Big boost for police
The police department will enjoy the largest budget increase in the city’s general fund, both proportionately and in raw numbers, rising from $73 million in the 2023 adopted budget to $85 million in 2024, a roughly 17% increase. Including costs outside of the general fund, the police department is expected to spend around $96 million next year, up from $81.1 million in the 2023 budget.
The fire department will see a much more modest 2% increase from the general fund, though 19 firefighting positions will be cut in 2024, more cuts than any other department. Those positions come from the “fire relief pool,” and are ones in addition to minimum staffing requirements that would backfill a firefighter on sick or holiday leave, city spokesman Brian Coddington said in October.
Those slashed positions were planned for a January recruit academy class and would have provided some additional flexibility, Fire Chief Brian Schaeffer said. Their loss will not result in fewer firefighters on the streets, and Schaeffer has been reassured that the reduction will not immediately impact the department’s overtime spending, which has been a point of controversy in the past.
“I’m cautious, specifically considering the council made it very clear they had concerns about overtime,” Schaeffer said. “That additional 19 people would have given us more of a cushion going into the later years of this (union contract) agreement, but we’re moving forward with the recommendation based on the Chief Financial Officer’s analysis.”
Including costs outside of the general fund, the fire department is expected to spend around $77.6 million next year, up from $74.4 million in the 2023 budget.
Long-term plans
Looking ahead, Boston said the calculus remains unchanged: The city needs to increase its revenue, or else spending cuts are inevitable.
Some are already trying to find potential savings that won’t result in reduced services.

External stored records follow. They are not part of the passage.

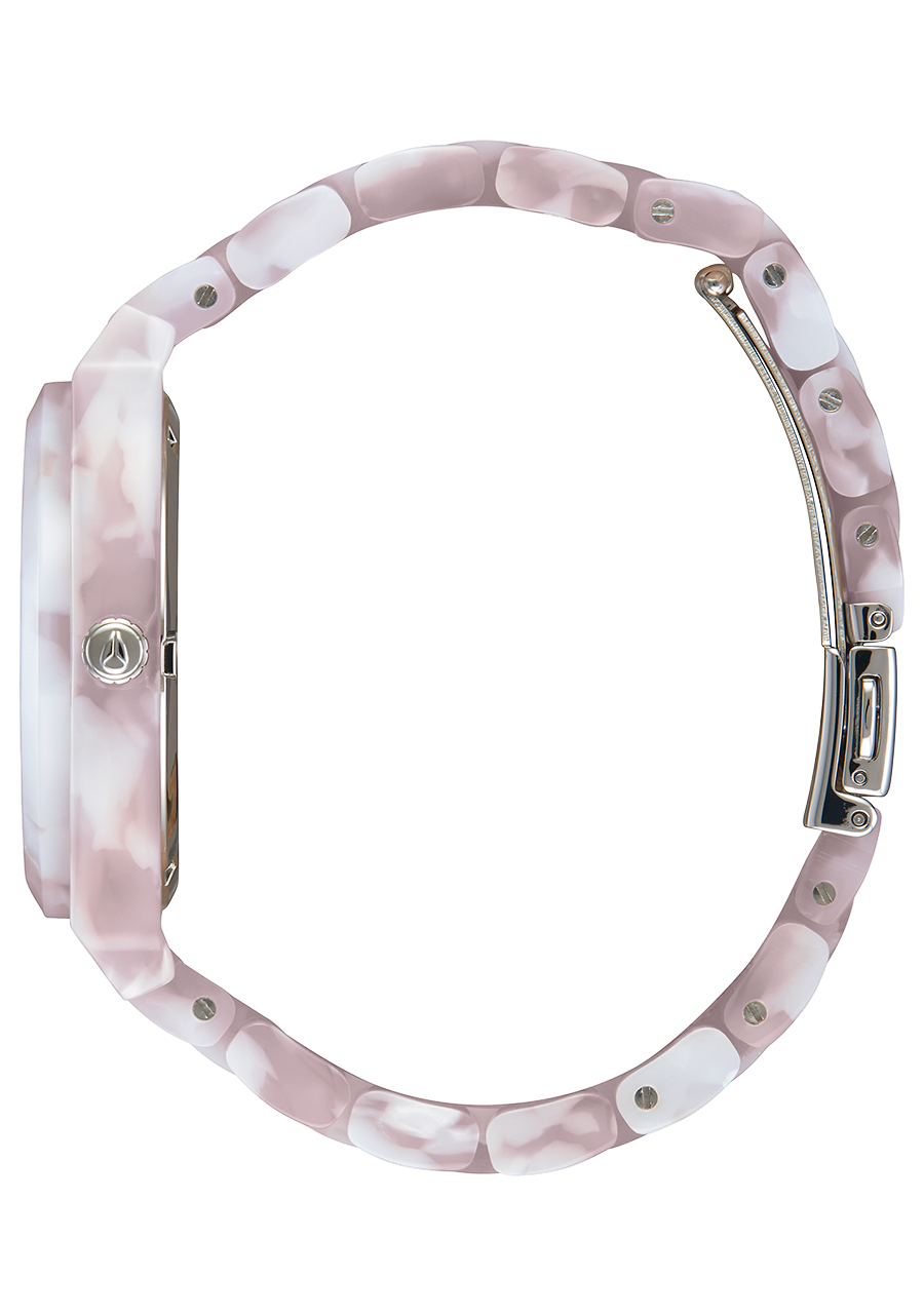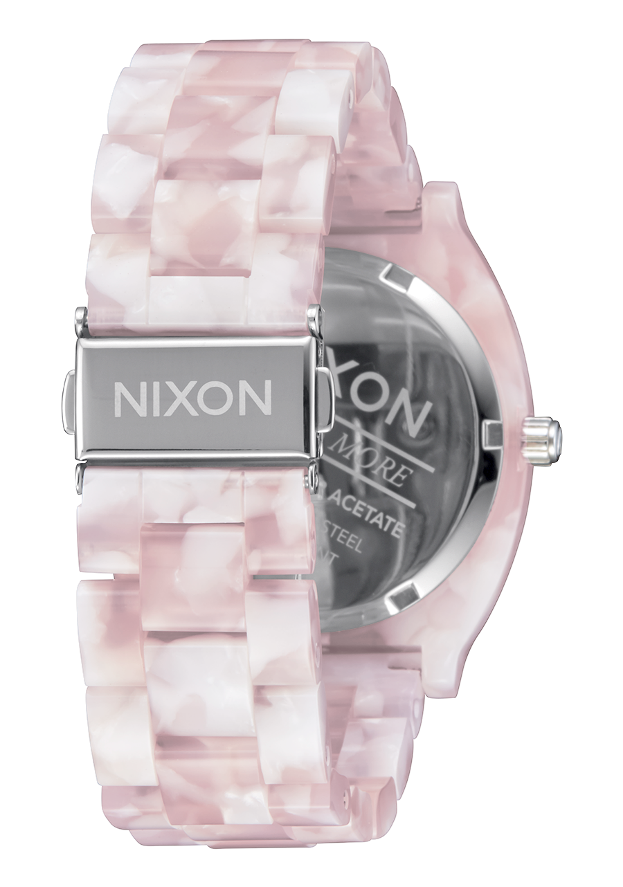 The Time Teller Acetate features a custom handmade acetate case and a 20mm custom handmade acetate 3-link bracelet. Acetate is a durable material that is lightweight and more likely to bend and rebound than break compared to other plastics due to its less rigid nature.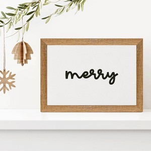 7" x 10" Merry Script Rustic Brown Frame Wall Canvas - Petal Lane: Vintage Style, Digital Art, Polystyrene Frame, Freestanding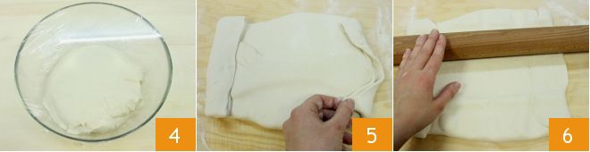 Dann fahren Sie mit den Falten fort: Falten Sie die beiden kürzeren Seiten so, dass sie in der Mitte der längeren Seite zusammenfallen 7: Stellen Sie sicher, dass sich die beiden Kanten nicht überlappen und falten Sie es zu einem Buch 8. Wenn Ihr Stück fertig ist, markieren Sie es mit einem Druck des Fingers (was Sie daran erinnert, dass Sie gerade die erste Falte gemacht haben), wickeln Sie den Teig in Frischhaltefolie 9 und legen Sie ihn für mindestens eine halbe Stunde in den Kühlschrank. Fahren Sie auf diese Weise mindestens dreimal fort, wobei Sie immer mit den Fingern die durchgeführte Falte markieren. Beim letzten Falten legen Sie den Blätterteig für eine Stunde in den Kühlschrank.

Zappone said he wants to explore folding the city’s police 911 dispatch services fully into the county’s Spokane Regional Emergency Communications center, for instance.

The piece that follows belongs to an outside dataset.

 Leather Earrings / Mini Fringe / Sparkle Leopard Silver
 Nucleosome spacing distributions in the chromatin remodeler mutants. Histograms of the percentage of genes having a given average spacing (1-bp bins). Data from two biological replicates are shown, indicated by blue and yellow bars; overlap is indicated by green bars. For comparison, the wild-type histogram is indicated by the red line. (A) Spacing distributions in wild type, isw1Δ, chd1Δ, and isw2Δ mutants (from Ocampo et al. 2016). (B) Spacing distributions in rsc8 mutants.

Council members, who ultimately have authority to approve the yearly budget, have expressed frustration that they lack the mayor’s access to granular detail on departmental spending, and are thus unable to make detailed changes to a mayor’s budget proposal.
Cathcart, an ally of Woodward’s who has nonetheless criticized her transparency during budget talks, said he hopes Mayor-elect Lisa Brown will work closely with the council and the public next year.
“I’m going to be optimistic that the incoming admin will try to set up a process that has the Council at the center and that is directly engaging the public,” Cathcart said.
Councilwoman Betsy Wilkerson said the Woodward administration engaged with the City Council this year in the “most robust budget discussion” she had ever been a part of, but also said she hoped Brown would be more collaborative.
“We’re going to have some tough decisions,” said Wilkerson, who will be sworn in as the City Council president on Tuesday after the election is certified. “The difference will be the collaboration piece and more community engagement.”
“When people feel they’re part of the conversation and know what’s happening, they may not like it, but at least understand it,” she added.